Tomamos essa tarefa para os nossos dias, e vemos que não é diferente as
barreiras encontradas para educação em comunidades ou até mesmo em bairros e
pequenas cidades. Shirléia buscou em todo o seu programa de alfabetização
compreender a vida dos alunos conciliando o dia a dia com o aprendizado,
5. aprendendo com eles a afetividade e o respeito, quebrando uma grande barreira
construída em cima de preconceito e inibição por estarem sendo alfabetizados “fora da
idade”, sem lembrar que para aprender não tem idade e sim força de vontade.
O texto traz excelente aprendizado para todos os profissionais que visam a
educação de jovens e adultos que vivem em comunidades e que buscam vincular o
aprendizado com a cultura do ambiente de estudo, Paulo Freire traz uma boa
colocação em um de seus trabalhos no que diz respeito a educação e a cultura:
“A alfabetização e a educação são expressões culturais. Não se pode
desenvolver um trabalho de alfabetização fora do mundo da cultura, porque
a educação é por si mesma, uma dimensão da cultura” (FREIRE, MACEDO,
2006, p.33 e 34).
O texto mostra que o educador através de sua prática educativa e afetiva pode
transformar educandos inibidos e cobertos de preconceitos em pessoas cônscios de
seus direitos lhes dando oportunidade de obter uma nova visão de vida e a
possibilidade de reivindicarem pelos seus direitos com segurança e convicção.
REFERÊNCIAS
CARVALHO, Marlene. Shirléia: o lugar do afeto no diálogo com o outro. In.

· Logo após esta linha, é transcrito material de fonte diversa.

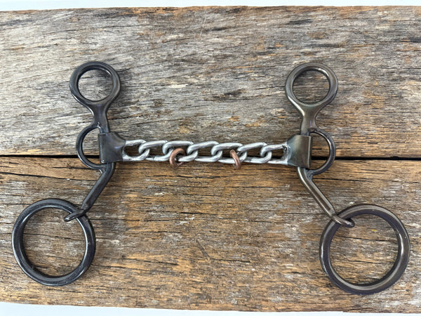 Dutton 'OC' Old Cowboy Bit featuring a short shank with a large loose ring for pre-signal rein slide. Straight chain mouthpiece with copper rings.
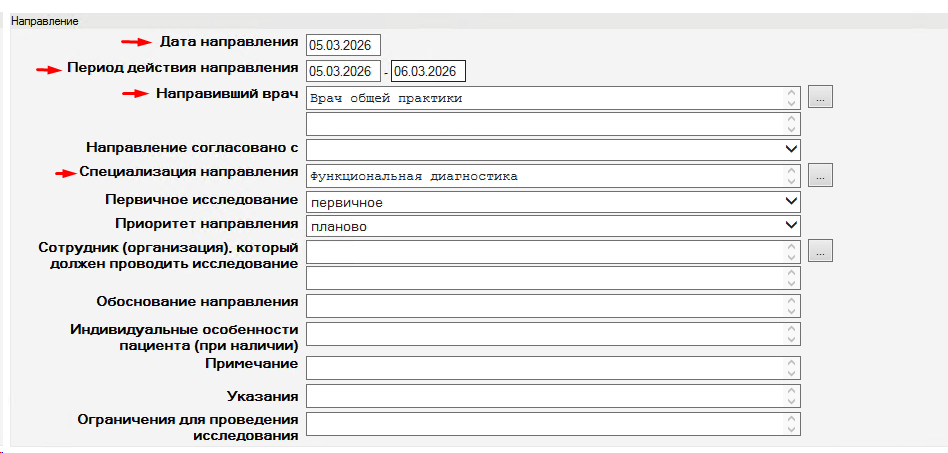 - Цель направления (заполняется руками)

Primeiras letras: Alfabetização de jovens e adultos em espaços populares. Ed. São
Paulo: Ática, 2009.
FREIRE, Paulo. Ação cultural para a liberdade. 5ª ed., Rio de Janeiro, Paz e Terra.
1981.
FREIRE, Paulo. Pedagogia da autonomia: saberes necessários à prática educativa.
47ª ed. Rio de Janeiro: Paz e terra, 2013.
FREIRE, Paulo, MACEDO, Donaldo. Alfabetização: leitura do mundo, leitura da
palavra. Tradução Lourenço de Oliveira, Rio de Janeiro, Paz e Terra, 2011.